Bonnie McLeod's History of the Copper Valley Community Library

1954-1959
1960
1961
The Log Cabin
1962-1966
1966-1972
1972-1973
1974-1976
1977-1982
1982-1983
1984-1986
1986-1987
1987-1989
1990-1992
1993-1994
1995-1996
1997
1998-1999
2000-2001
2002-2003
2004
2005
2006
2006-present

 

1954 TO 1959
Based on a preserved newspaper clipping (Volume 1, Number 41, June 19, 1970) and other notes or memos the Copper Valley Library Association received a charter on June 17 1954, from the Territorial Dept. of Library Service.

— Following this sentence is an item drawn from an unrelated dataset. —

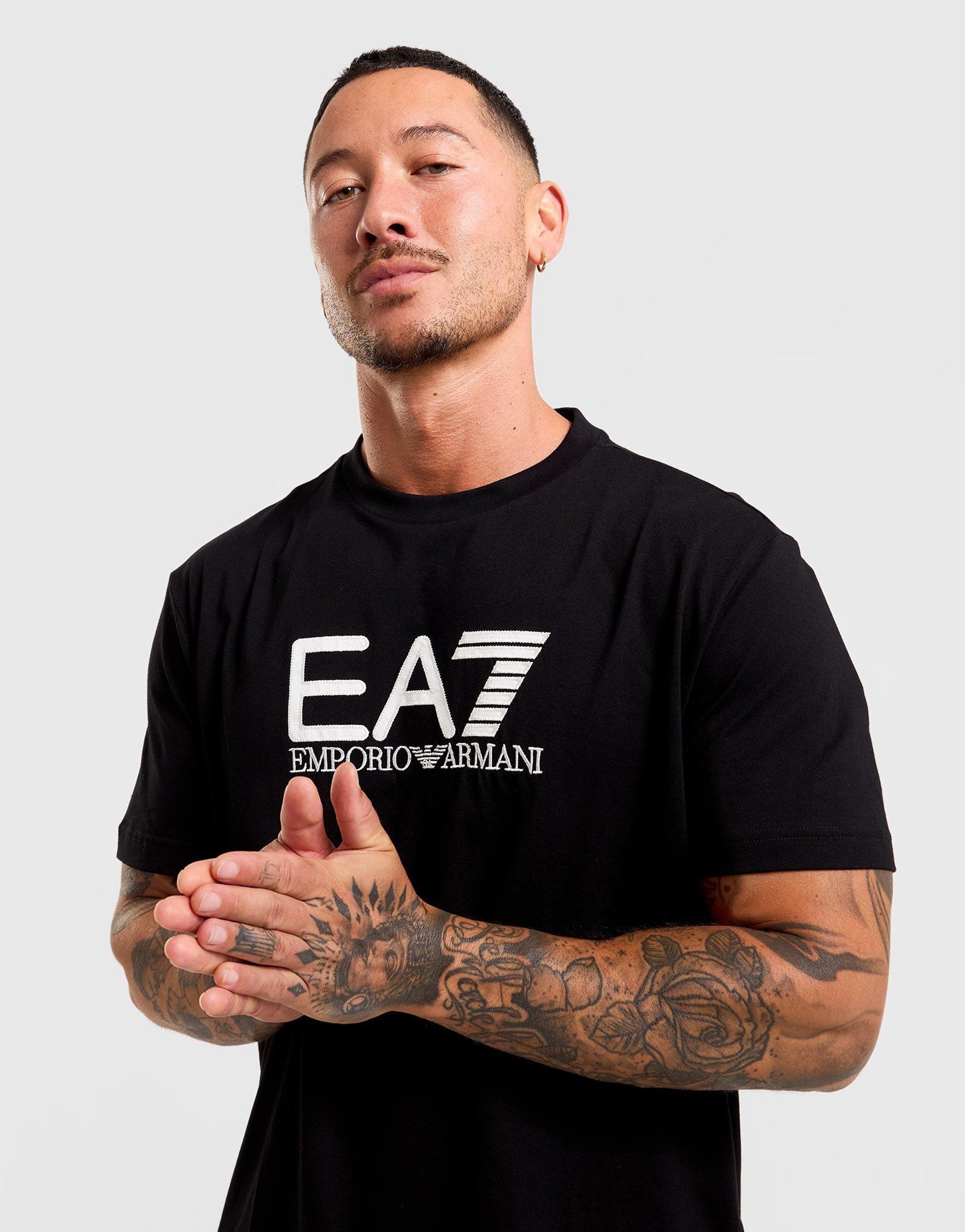 Keep it classic with this EA7 tee, crafted from a soft cotton-blend fabric for everyday comfort. The standard fit and short sleeves keep things versatile, perfect for pairing with joggers or denim. Finished in a Black colourway with signature EA7 detailing.
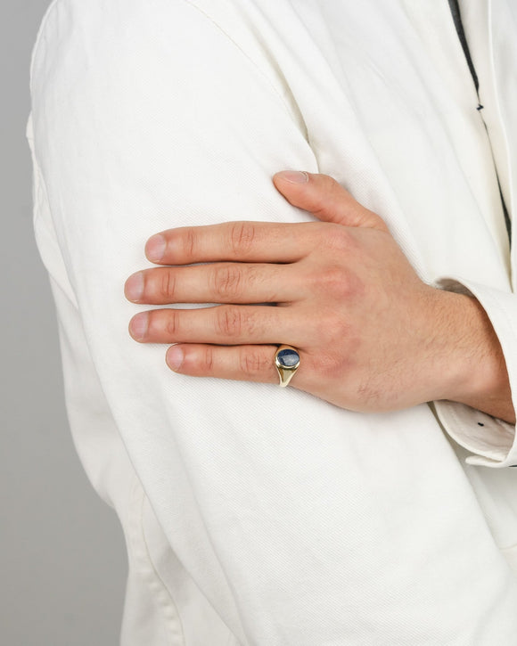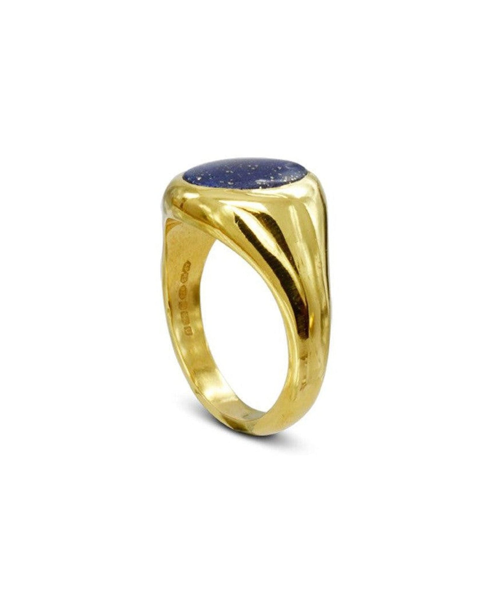 The Lapis Lazuli Signet Ring is handmade from sterling silver and crowned with a 14x12mm lapis lazuli cabochon.

The library was housed in a Quonset hut. Community legend places the Quonset hut across the highway from the present library site on state owned land somewhere in the area that is now Fish and Game and the old court house complex. Documents found in the library files show the association was operated on a membership fee basis, presumably used for the costs of utilities. Additional documents imply the association received funds from the Territory of Alaska for book purchases. An annual report signed by Gilberta (Marge) Hanson for the period 4/1/56 through 3/31/57 shows the library has 1,719 volumes, is open 4 hrs a week and located in a Quonset hut. No information is found on the Quonset hut itself. A letter signed by Gilberta Hanson dated 12/10/76 refers to the Quonset hut as being hard to heat. The letter also says the library was open 2 days week at that time. It should be considered the annual report to be the most accurate.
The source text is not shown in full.